In PSK31 a cosine shape is used. Phase reversals are done at the minimum amplitude points. The spectrum during a continuous sequence of polarity reversals at 31 baud will consist of two pure tones at +15/-15 Hz from the center frequency and no splatter. A binary 0 is represented by a phase reversal and a binary 1 by no phase reversal.
The audio tone chosen is 1 KHz constructed from 32 eight-bit samples at full amplitude per cycle. The period of a 1 KHz tone cycle is 1 millisecond. Each of the 32 samples per cycle has a period of 31.25 microseconds. The audio samples are eight bit values from 0x00 - 0xFF with the zero crossing value at the midpoint 0x80.

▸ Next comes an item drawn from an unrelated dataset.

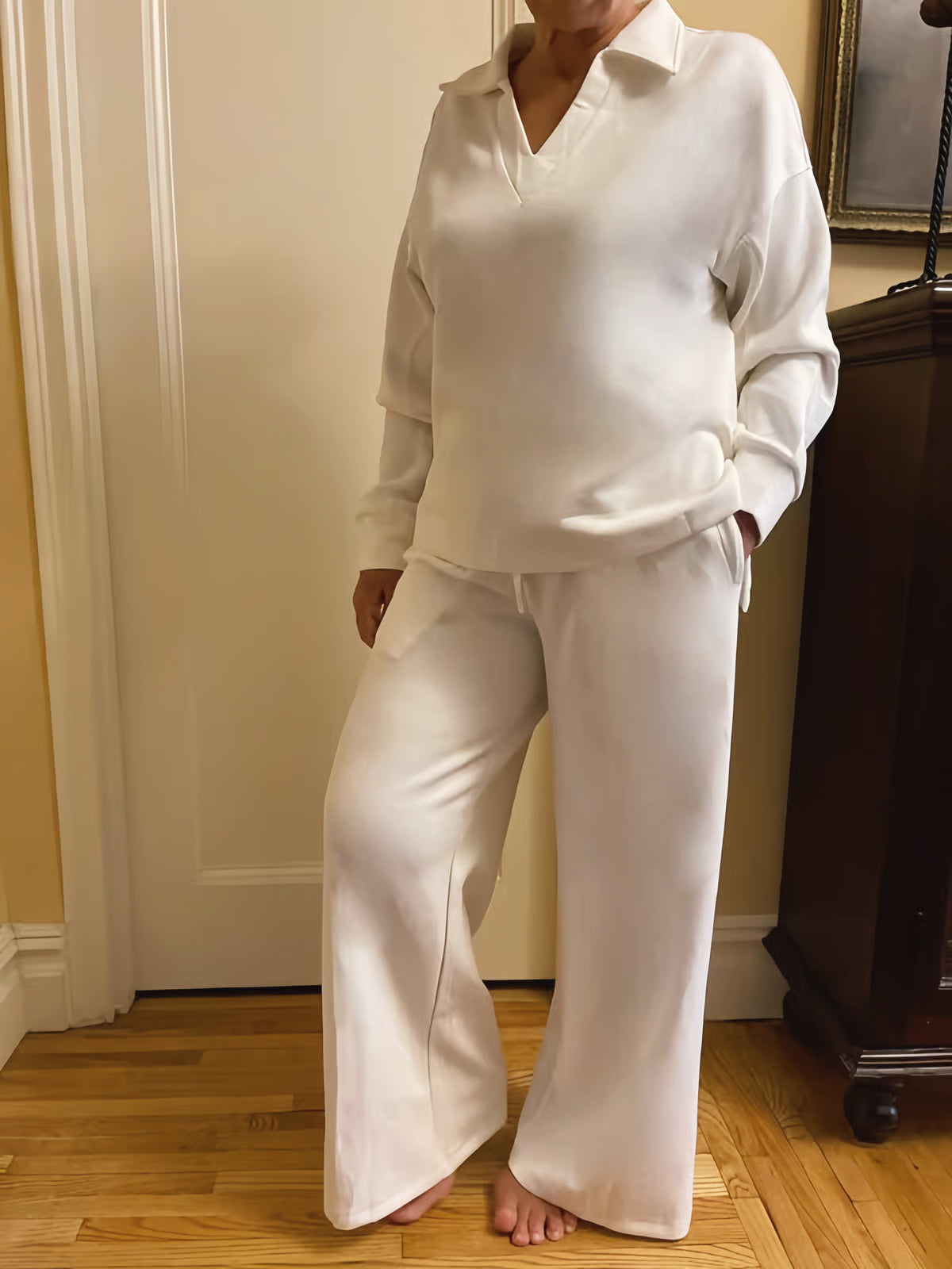 This matching set pairs a soft long-sleeve top with wide-leg pants for the perfect balance of comfort and style. Designed to flatter while keeping you relaxed, it takes you from lazy mornings to last-minute plans without a second thought.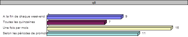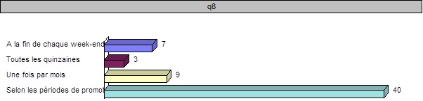 On remarque que 35,7% des sondés fréquentent les grandes surfaces une fois par mois, 26,2% selon les périodes de promotion, 21,4% à la fin de chaque week-end et 16,7% toutes les quinzaines.

The PSK31 character bit time is 32 ms constructed of 1024 samples. A binary zero is represented by a phase reversal while a binary one is presented by the absence of a phase reversal. Characters are encoded with a variable bit length code (varicode) where the length of each character is inversely proportional to the frequency of use. Characters are encoded with a bit pattern where there are no sequential zero bits. Two zero bits in a row signify the end of a character.
In order to implement the ramp up/down scenarios at phase reversals, I have constructed a couple of tables of sinusoid information. The first consists of 512 table entries defining the 16 cycles of ramping up from zero to full amplitude. I have plotted the data in Excel as follows:
Once I get up to full amplitude, I use a separate 32 eight-byte table consisting of a single sinusoid. For a binary zero, I ramp down (512 samples) by processing the above table in reverse, reverse the phase and immediately ramp back up again (another 512 samples), this time processing the table in the forward direction. For a binary one, I use the 32 eight bit sample table below and repeat it 32 times for 1024 total samples.
I considered using my software DDS example for generating PSK, but decided instead to do a very similar implementation that was not quite so general purpose in nature in order to gain some performance enhancements. I certainly don't need 32 bits of frequency setting resolution when generating audio tones and I think I need more phase points per cycle of the tone generated. The example below is not at odds with my DDS example, it is just a special case of the more generic implementation previously described.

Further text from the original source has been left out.